The Centaureetum ragusinae is usually classified within the Centaureo cuspidatae-Portenschlagiellion (e.g. Trinajstić Citation1980, Citation2008). However, Terzi et al. (Citation2018) showed floristic similarities with the associations of the Centaureo-Campanulion alliance, in the Northern Adriatic. These similarities are due to the occurrence of the halophytic taxa recorded in several other cliff associations of the Centaureo-Campanulion. On the other hand, the Centaureetum ragusinae lacks almost completely the character species of both of the abovementioned alliances. Therefore, we provisionally classify the Centaureetum ragusinae within the Centaureo-Portenschlagiellion for geographical reasons, the distribution area of the main character taxon of the association, Centaurea ragusina, extending over the central and southern parts of Dalmatia.
Holotypus: rel. 2, tab. of “Phagnalo-Centaureetum ragusinae,” p. 258, in Trinajstić (Citation1995); Locus classicus: cliffs in the northwestern part of Mljet Island, Southern Dalmatia; Distribution area: Dalmatia; Diagnostic taxa: Centaurea ragusina, Convolvulus cneorum, Phagnalon rupestre subsp. graecum (locally).
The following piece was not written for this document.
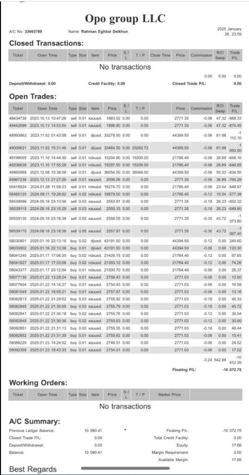 自 2022 年 2 月至 3 月以来,我一直与该经纪人合作。我们非常好,顾问给了我开设非常有利的头寸的指示,我能够进行少量提款,然后 4 月份的情况变得非常糟糕,我们有不利的未平仓头寸并且账户的保证金很低,经纪人要求我增加投资,他告诉我,对于我存入的每一美元,他们都会给我相同数量的营业奖金,这对我来说似乎很棒,我们重新开始,我们让账户增长,在 6 月份,我要求提取 3 万美元,经纪人告诉我他同意了,但他会管理它,他需要时间,因为这是一笔不小的数目钱,然后他告诉我必须额外存入 4 千美元,我存入了存款,到 6 月底帐户被关闭,我要求的注册不再合适,我一无所有,经纪人变得咄咄逼人,威胁我,我开始向页面发送消息我从 fb 给他打电话,直到他接听并告诉我,如果我想取回我的钱,我必须存入更多的钱。
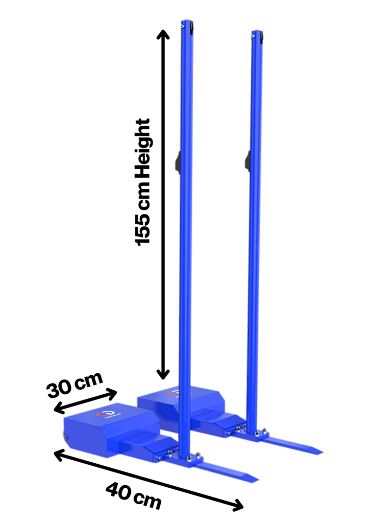 This portable volleyball post system features a single 85 kg upright with an independent counterweight for stability and two rear wheels for easy mobility. Made from reinforced steel with black powder coating for corrosion resistance, it includes a spring-assisted lift and ratchet rope tightener for secure net height adjustment from 1.98 m to 2.43 m, ideal for locations where in-ground installation isn’t possible.

Frequent taxa: Centaurea ragusina, Inula verbascifolia, Crithmum maritimum, Allium ampeloprasum, Silene vulgaris, Convolvulus cneorum; Dominant taxon: Centaurea ragusina.
Micromerio kerneri-Onosmetum dalmaticae
The Micromerio kerneri-Onosmetum dalmaticae was invalidly described by Lovrić and Rac (Citation1987) for the canyons of Zrmanja and Čikola (Northern Dalmatia) and classified in the Edraianthion tenuifolii and Moltkietalia petraeae. This association has been recently moved to the Centaureo-Portenschlagiellion (Terzi et al. Citation2018).
The relevés of the Micromerio kerneri-Onosmetum dalmaticae were grouped in the same dendrogram cluster together with those of the Moltkio petraeae-Campanuletum lepidae (). Despite the floristic similarities between these two associations, they cannot be reunited in only one association because their character taxa are mutually exclusive. However, their syntaxonomic relationships need to be reassessed when more relevés are available.
On the other hand, the Moltkio petraeae-Centaureetum voraginicolae, invalidly described by Lovrić (in Lovrić and Rac Citation1987), is here considered as a synonym of the Micromerio kerneri-Onosmetum dalmaticae because of the high frequency of two character taxa, Micromeria kerneri and Asplenium ceterach subsp. bivalens (tab. 1).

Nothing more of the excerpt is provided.